Como se pode ver, a atuação do Brasil na presidência do CS neste mês de outubro, pode representar um teste crucial para as ambições do país de ser membro permanente do órgão. Com três crises capazes de desafiar a capacidade multilateral para o encaminhamento de soluções para problemas de responsabilidade do CS, a atuação do Brasil à frente da presidência do Conselho será medida contra o êxito ou o fracasso das ações empreendidas nos próximos 24 dias
Guerra na Ucrânia, Israel/Palestina, Armênia/Azerbaijão – são conflitos armados que acionam a principal função do CS: assegurar a manutenção da paz e da segurança internacional. Sob o Capítulo VII da Carta das Nações Unidas [8], o artigo 39 estabelece que o CS determinará a existência de qualquer ameaça à paz e determinará as medidas para restabelecê-la e assegurar a segurança internacional.

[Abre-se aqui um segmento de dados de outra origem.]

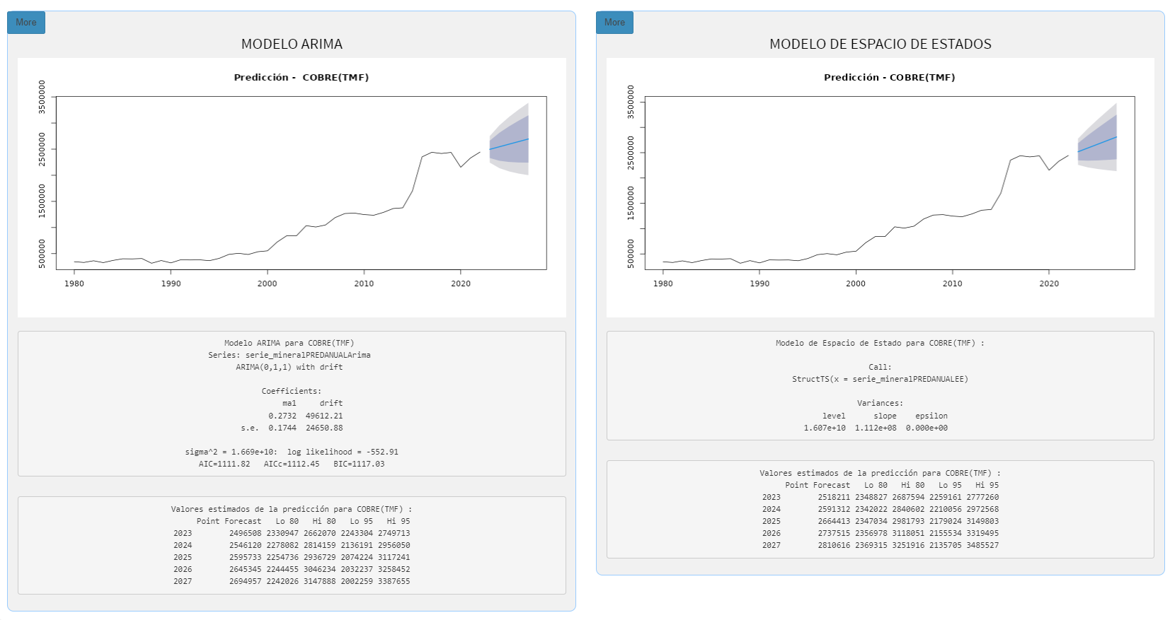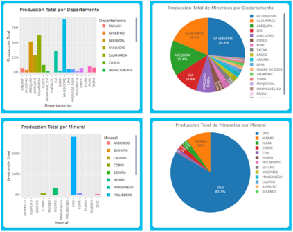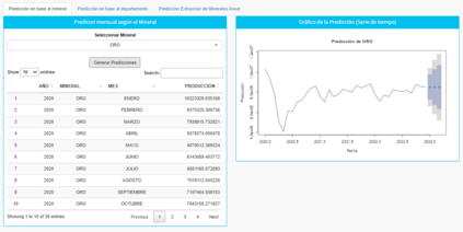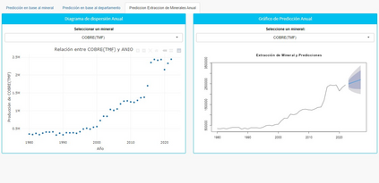 Peruvian mining plays a crucial role in the country's economy, being one of the main producers and exporters of minerals worldwide. In this project, an application was developed in RStudio that utilizes statistical analysis and time series modeling techniques to understand and forecast mineral extraction in different departments of Peru. The application includes an interactive map that allows users to explore Peruvian geography and obtain detailed statistics by clicking on each department. Additionally, bar charts, pie charts, and frequency polygons were implemented to visualize and analyze the data. Using the ARIMA model, predictions were made on the future extraction of minerals, enabling informed decision-making in planning and resource management within the mining sector. The application provides an interactive and accessible tool to explore the Peruvian mining industry, comprehend trends, and make accurate forecasts. These predictions for 2027 in total annual production are as follows: Copper = 2,694,957 MT, Gold = 72,817.47 kg Fine, Zinc = 1,369,649 MT, Silver = 3,083,036 MT, Lead = 255,443 MT, Iron = 15,776,609 MT, Tin = 29,542 MT, Molybdenum = 35,044.66 MT, and Cadmium = 724 MT. These predictions, based on historical data, provide valuable information for strategic decision-making and contribute to the sustainable development of the mining industry in Peru.

Ameaça implica uma intencionalidade e difere de risco, que é apenas uma possibilidade. A distinção é sutil, mas é importante ressaltá-la. O CS ocupa-se de ameaças volitivas, não de riscos desprovidos de intencionalidade, como, por exemplo, um risco para a saúde, que seria de responsabilidade da OMS. O Regulamento Sanitário Internacional (RSI), por exemplo, define risco de saúde pública como a possibilidade de um evento que pode afetar de maneira adversa a saúde de populações humanas, com ênfase em uma que pode espalhar-se internacionalmente ou pode representar um perigo sério e direto.

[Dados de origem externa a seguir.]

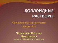 КОЛЛОИДНЫЕ РАСТВОРЫ Фармацевтическая технология Лекция 16 Черешнева

Por essa razão, causou espécie que, em 2014, por ocasião do surto do vírus do Ébola, o CS tenha adotado a resolução S/Res/2177/2014 [9] que, entre outras coisas, reconhece que “os ganhos alcançados em prol da paz e do desenvolvimento podem ser revertidos em razão do surto do vírus do Ébola e, à luz de sua responsabilidade pela manutenção da paz e da segurança internacional, decide determinar que o vírus do Ébola constitui ameaça à paz e à segurança internacional”. Pela primeira vez em sua história, o CS reconhecia uma crise de saúde pública como uma ameaça à paz e à segurança internacional. É importante repetir: o CS reconheceu que o vírus pode reverter os ganhos em favor do desenvolvimento e, assim, “minar a estabilidade dos países afetados, gerar agitação civil, tensão social e uma deterioração no quadro da política e da segurança”.

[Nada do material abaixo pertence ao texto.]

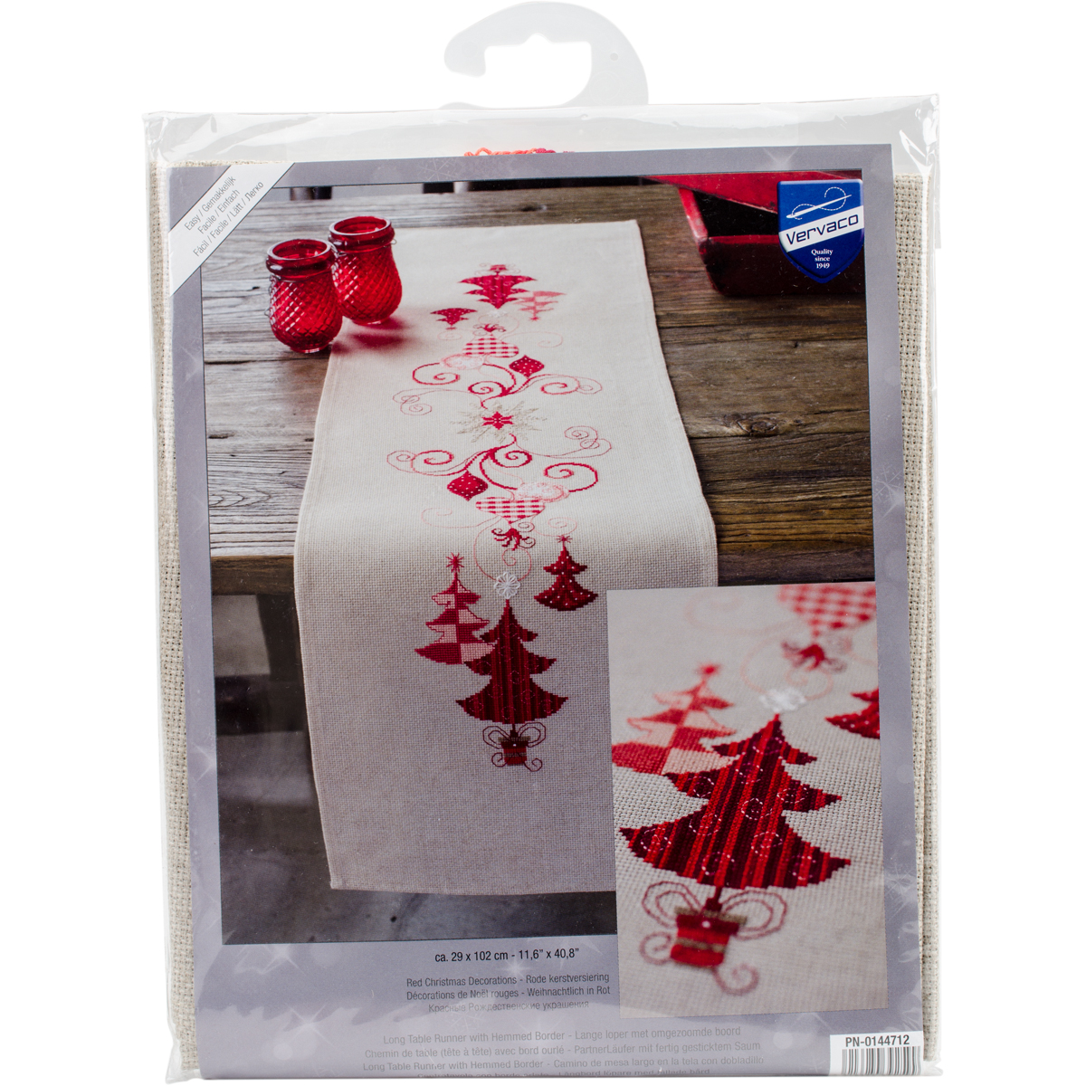 Vervaco-Table Runner Counted Cross Stitch Kit. Vervaco is internationally renowned as a leading manufacturer of high quality needlework kits. The printed on design disappears after washing! This package contains one 14 count pre-finished printed Table runner, 100% cotton DMC floss, one needle and instructions. Finished Size: 40-4/5x11-3/5 inches. Design: Red Christmas Decorations. Machine washable. Imported.

O risco de saúde pública do RSI transformou-se no âmbito do CS, com o surto do vírus do Ébola, em ameaça à paz e à segurança internacional. Ainda que a resolução do CS não tenha recorrido ou feito menção às medidas de coerção previstas no Artigo VII da Carta, o reconhecimento do vírus do Ébola como ameaça representa uma ampliação do conceito de paz e de segurança para além de seu entendimento tradicional. A relação causal conflito-ameaça à paz e à segurança passa a incluir, do lado da causa, eventos de saúde ou de doenças.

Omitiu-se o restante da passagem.